Она открыла блокнот. Не тот, партийный. Другой — маленький, старый, в кожаном переплёте. Страницы густо исписаны её каллиграфическим почерком. Начала читать:

— Март семьдесят восьмого. Первая неделя после возвращения из больницы. Вы приходите в правление и говорите: «Надо вводить бригадный подряд. Это повысит производительность.» Я записываю. Я парторг, я записываю всё. В семьдесят восьмом году «бригадный подряд» — не устоявшийся термин. Это экспериментальная практика, которую применяли в Ипатьевском районе Ставропольского края, и о которой писали один-два раза в специализированной литературе. Вы — председатель колхоза в курской деревне, который пять дней назад вышел из больницы после инсульта, — говорите о ней так, как будто читали об этом всю жизнь.

Она перевернула страницу.

— Май семьдесят восьмого. Вы предлагаете ввести «вертикальную интеграцию» — ваше слово, не моё. Переработка внутри колхоза. Молоко в масло, масло в колбасу, колбаса в магазин. Опять экспериментальная практика, применявшаяся в отдельных хозяйствах, но не принятая широко. Откуда вы это знаете? Вы экономический инженер сельского хозяйства по образованию, но учились вы тридцать лет назад, в пятидесятые. В пятидесятые о «вертикальной интеграции» не говорили. Слов таких не было.

Ещё страница.

— Ноябрь семьдесят восьмого. Вы говорите мне: «Нина Степановна, через пять лет в стране начнутся перемены. Нам нужно готовиться.» Ноябрь семьдесят восьмого. Пять лет от семьдесят восьмого — это восемьдесят третий. Это — сейчас. И перемены начались. И вы готовились. Я записала тогда. Я записывала всегда. Я сначала думала — вы интуитивный человек. Потом думала — читаете между строк, следите за кадровыми перестановками, анализируете. Но потом — я перестала думать, что это интуиция.

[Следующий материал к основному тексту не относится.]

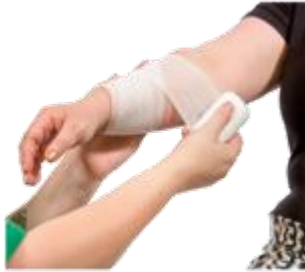
ਖਿਚਾਅ ਅਤੇ ਮੋਚ

Страница за страницей. Нинин блокнот содержал пять лет наблюдений, точных, датированных, сформулированных. Продовольственная программа, которую я предсказал за полгода до её объявления. Смерть Брежнева, к которой я готовился документами, бухгалтерией, дисциплиной так, будто знал дату. Приход Андропова, хозрасчёт, статья в «Известиях» — всё это Нина фиксировала, сопоставляла, анализировала.

Я слушал и чувствовал, как по спине проходит холод. Не страх разоблачения, нет. Другое. Уважение. Потому что передо мной сидел аналитик экстра-класса. Если бы Нина родилась не в курской деревне в двадцать шестом году, а где-нибудь в Лондоне в шестидесятые, она была бы разведчицей высшего уровня. Или журналистом-расследователем. Или следователем. Способность видеть закономерности там, где другие видят случайности, способность сопоставлять факты, разнесённые на годы, способность из тысячи мелких деталей собирать одну большую картину — это не партийная работа. Это талант. Редкий талант, который Нина применила для одного-единственного проекта за всю свою жизнь: для наблюдения за Павлом Дороховым.

Она дочитала. Закрыла блокнот. Посмотрела на меня.

— Павел Васильевич. Я парторг. Я должна была доложить. В обком. В КГБ. Куда угодно — но доложить. Пять лет назад. Три года. Год. Полгода. В любой момент. Потому что человек, который знает то, чего знать не может, — это либо иностранный разведчик, либо шпион, либо… я не знаю, кто. Но точно не председатель курского колхоза, вышедший из больницы после инсульта.

— И почему не доложили?

Она молчала долго. Тридцать секунд. Минуту. Смотрела на блокнот, на свои руки, на стол. Потом подняла глаза.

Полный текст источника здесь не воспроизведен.